Thank you John! I have a fine mesh nylon bag. Would you suggest filtering the must through it so it would hold most of the pulp during the primary, thereby making life easier later? This bag is red in color. Would the color release/become a problem?


----------



## wineforfun (Mar 29, 2017)

Winemanic said:


> What is an fpac? How do I make it? Thanks!



It is a fruit pac. Basically take strawberries and simmer in a frying pan until they reduce down to liquid. Some people will add a cup or so of wine to give it a liquid base to start with. 
What you are doing is turning the whole strawberries into liquid to add back to your wine for some extra flavor.


----------



## wineforfun (Mar 29, 2017)

Follow this link http://www.winemakingtalk.com/forum/showthread.php?t=51904&page=65 and go to post #649. @joeswine shows how to make an fpac. He is using blackberries in this example.


----------



## Winemanic (Mar 29, 2017)

wineforfun said:


> It is a fruit pac. Basically take strawberries and simmer in a frying pan until they reduce down to liquid. Some people will add a cup or so of wine to give it a liquid base to start with.
> What you are doing is turning the whole strawberries into liquid to add back to your wine for some extra flavor.



Thank you D.J.

Sorry to bother you again, but won't the addition of that affect the clarity of the wine?


----------



## Johnd (Mar 29, 2017)

Winemanic said:


> Thank you John! I have a fine mesh nylon bag. Would you suggest filtering the must through it so it would hold most of the pulp during the primary, thereby making life easier later? This bag is red in color. Would the color release/become a problem?

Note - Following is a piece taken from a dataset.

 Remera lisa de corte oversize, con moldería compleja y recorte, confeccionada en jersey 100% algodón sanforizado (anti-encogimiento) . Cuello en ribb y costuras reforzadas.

Use a food safe bag, like the ones for beer, or a similar product, can't tell you if yours will leach or not. Why not just strain it later, before you go into the carboy? Let if float free and ferment away, strain later.


----------



## wineforfun (Mar 30, 2017)

Winemanic said:


> Thank you D.J.
> 
> Sorry to bother you again, but won't the addition of that affect the clarity of the wine?

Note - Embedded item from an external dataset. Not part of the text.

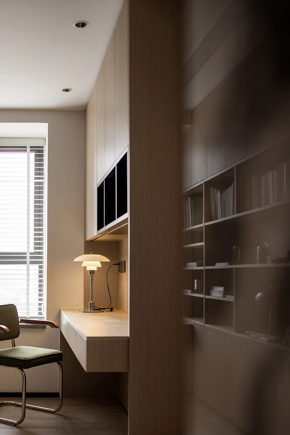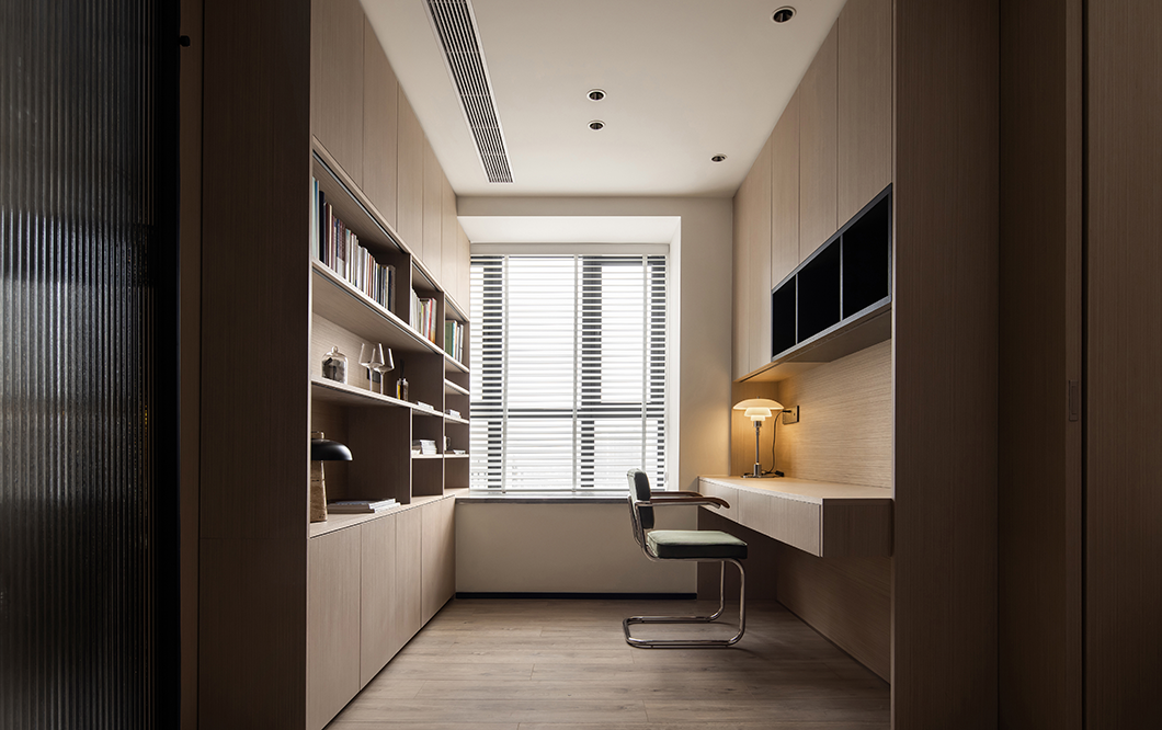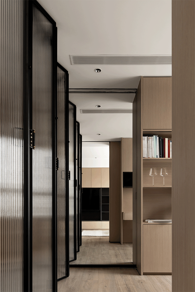 ▲想让书房变成一个封闭的空间,光有木移门还不够,还要有折叠的长虹玻璃门,这么看玻璃与木质的搭配,出来的效果也可以足够的高级。

Yes it will , but notice I wrote I add it after fermentation was complete and before clearing. I normally add mine, let it sit for 2-4 weeks, then add clearing agents, if I add any at all. 
A couple of the batches I just let "time" do the clearing for me.


----------



## Cxwgfamily (Mar 30, 2017)

Winemanic,

A couple of comments,
1) my recipe for strawberry wine call for 15 lbs for a 6 gal batch. this usually gives me a starting SG around 1.1.
2) I take a SG measurement directly in the must. this way I only have to sterilize the hydrometer. I am paranoid about contamination so the fewer things I put in the batch the less likely contamination will occur. I figure if my original SG is off by + / - 0.02, it really will not matter so long as the wine does not get contaminated. This is just my hang up. But I easily get over it when I am able to drink a glass of good homemade wine.
3) I used a bag in my first batch of Strawberry wine and the taste was a little thinner than I like. So the next batch i used essentially the same recipe and no bag. the wines strawberry flavor was much better. I think it is from the better contact from the berries during fermentation. It would be interesting to get feedback from others on this theory!!!

Regards and best of luck
Cxwgfamily


----------



## wineforfun (Mar 30, 2017)

Cxwgfamily said:


> Winemanic,
> 
> A couple of comments,
> 1) my recipe for strawberry wine call for 15 lbs for a 6 gal batch. this usually gives me a starting SG around 1.1.
> ...



Couple of comments/thoughts.

15lbs. for 6 gal. is extremely light on fruit, hence the thin flavor. I use 5-6lbs. per gallon.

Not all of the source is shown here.